An early example of an insurance patent is Means for Securing Travelers Against Loss by Accident. This patent was issued in 1892. It discloses a means for selling travelers' insurance by combining coupons with a newspaper.

A more recent example of an insurance patent is , granted as "Individual evaluation system for motorcar risk". This patent issued by the European Patent Office in 1996 to Salvador Minguijon Perez. It discloses a means for auto insurance risk selection whereby a driver's mileage and driving behavior are monitored and insurance premiums are charged accordingly. The United Kingdom part of this European patent has been sold to Norwich Union insurance company.

==Growth==
Historically, only about one or two patents per year issued in the US on inventions specifically related to insurance policies.

This changed dramatically, however, with the 1998 State Street Bank Decision. The State Street Bank Decision was a ruling by the Court of Appeals for the Federal Circuit that confirmed that there was no "business method exception" under United States patent law. The number of patent applications filed per year after this decision was handed down jumped to about 150. The number of patents issuing per year jumped to about 30.
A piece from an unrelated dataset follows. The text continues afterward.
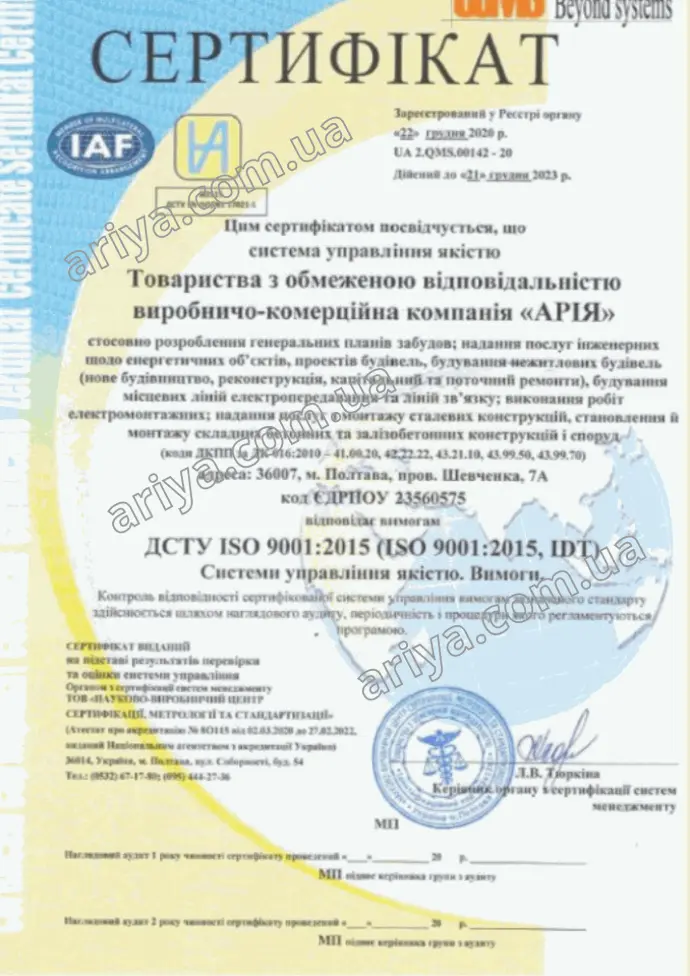 Система управління якістю відповідає вимогам ДСТУ ISO 9001: 2015
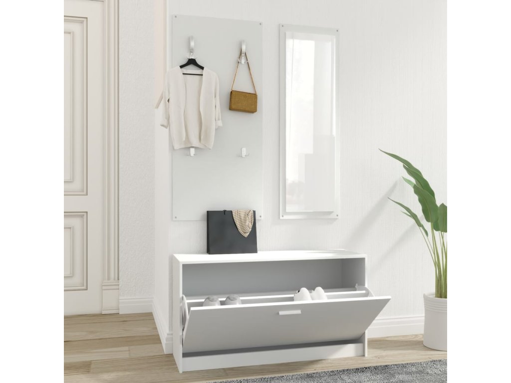 Táto súprava skrinky na topánky 3 v 1 pozostáva zo štýlovej skrinky na topánky, nástenného zrkadla a vešiaka, a ponúka nespočetné množstvo úložných riešení.

This changed dramatically again in 2014 after the Alice Corp. v. CLS Bank International decision by the Supreme Court of the United States, holding that an abstract idea does not become patentable just because it is implemented on a computer. After Alice, the allowance rate for U.S. patent applications in the financial arts, including insurance, plummeted.

==Litigation==
In September 2006, Lincoln National Corporation filed a patent infringement lawsuit against Transamerica Life Insurance Company and other entities for allegedly infringing , "Method and apparatus for providing retirement income benefits". This patent covers methods for administering variable annuities. The jury found the patent valid and infringed. The court ordered Transamerica to pay Lincoln $13 million in damages. At a rate of 11 basis points of assets under management, this was considered a reasonable royalty. In June 2010, however, the verdict against Transamerica was overturned on appeal

In June 2010, Progressive Auto Insurance filed a patent infringement lawsuit against Liberty Mutual over one of Progressive's Pay As You Drive auto insurance patents.

==Controversy==
Some in the insurance industry see the growth in insurance patents as a positive development. They cite that by being able to protect inventions, insurance companies will be more inclined to invest in new product development.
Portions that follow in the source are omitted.